Task goal —
Starting with the line that holds "Kadınlar için düğmeli, uzun" and stopping after the line that holds "Просо — ценная", repeat the lines below word for word, without the pictures.

Excerpted records —
>>>
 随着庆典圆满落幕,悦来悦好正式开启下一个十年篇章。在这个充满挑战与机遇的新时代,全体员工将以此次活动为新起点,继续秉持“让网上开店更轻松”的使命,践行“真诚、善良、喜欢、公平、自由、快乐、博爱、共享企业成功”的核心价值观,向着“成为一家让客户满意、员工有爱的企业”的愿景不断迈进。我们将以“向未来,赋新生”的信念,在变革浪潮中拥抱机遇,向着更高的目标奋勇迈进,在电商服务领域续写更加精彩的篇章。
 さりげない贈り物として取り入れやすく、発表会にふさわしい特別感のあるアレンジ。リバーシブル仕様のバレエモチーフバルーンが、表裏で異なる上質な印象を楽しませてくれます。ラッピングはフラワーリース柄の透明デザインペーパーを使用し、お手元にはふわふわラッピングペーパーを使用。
<<<
>>>
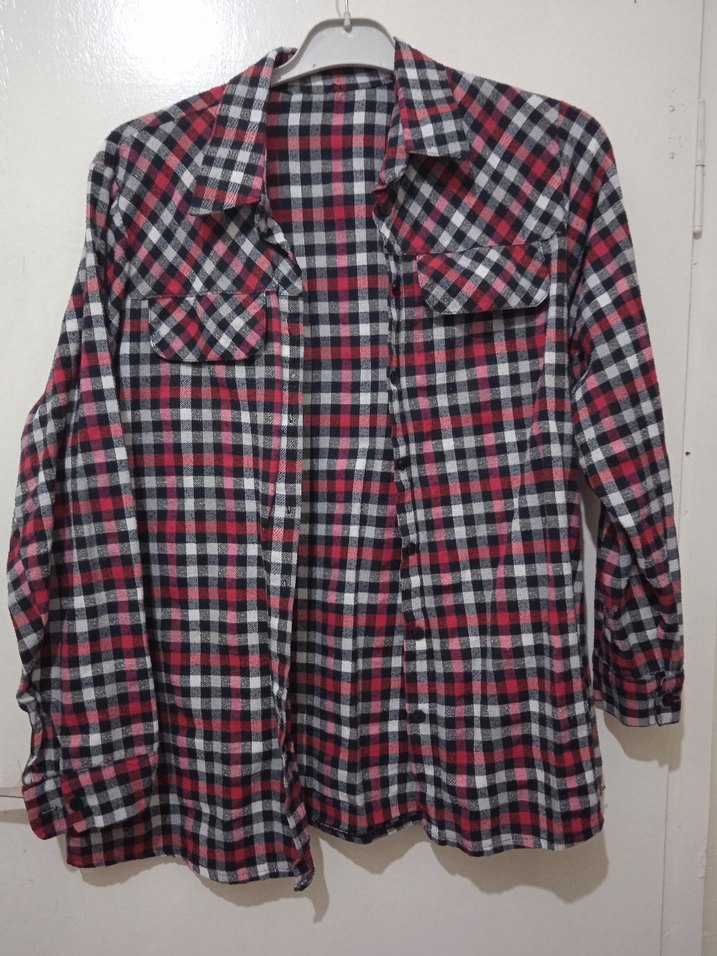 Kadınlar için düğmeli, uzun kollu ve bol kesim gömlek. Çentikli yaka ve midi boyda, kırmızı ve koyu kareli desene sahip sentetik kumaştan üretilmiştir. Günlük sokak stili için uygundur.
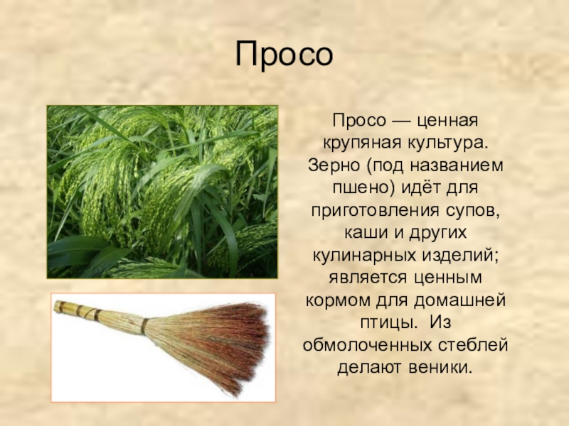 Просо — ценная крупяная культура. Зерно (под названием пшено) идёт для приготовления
<<<
>>>
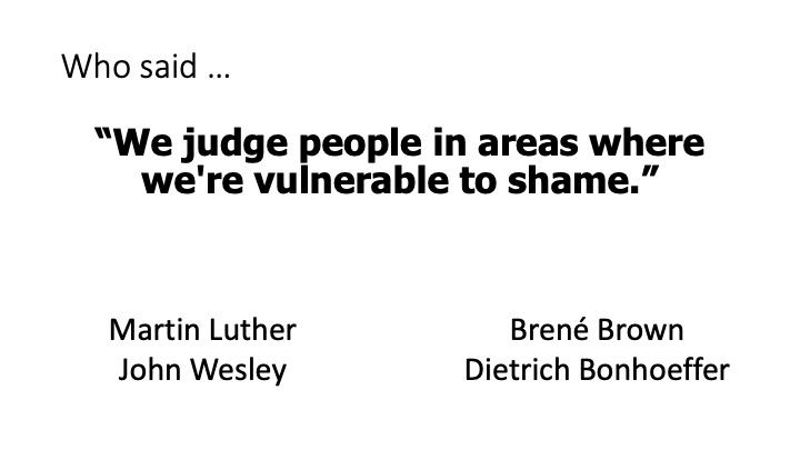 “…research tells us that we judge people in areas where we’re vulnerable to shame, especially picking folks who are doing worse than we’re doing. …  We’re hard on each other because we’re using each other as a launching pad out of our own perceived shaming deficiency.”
<<<
Answer to this problem —
 Kadınlar için düğmeli, uzun kollu ve bol kesim gömlek. Çentikli yaka ve midi boyda, kırmızı ve koyu kareli desene sahip sentetik kumaştan üretilmiştir. Günlük sokak stili için uygundur.
 Просо — ценная крупяная культура. Зерно (под названием пшено) идёт для приготовления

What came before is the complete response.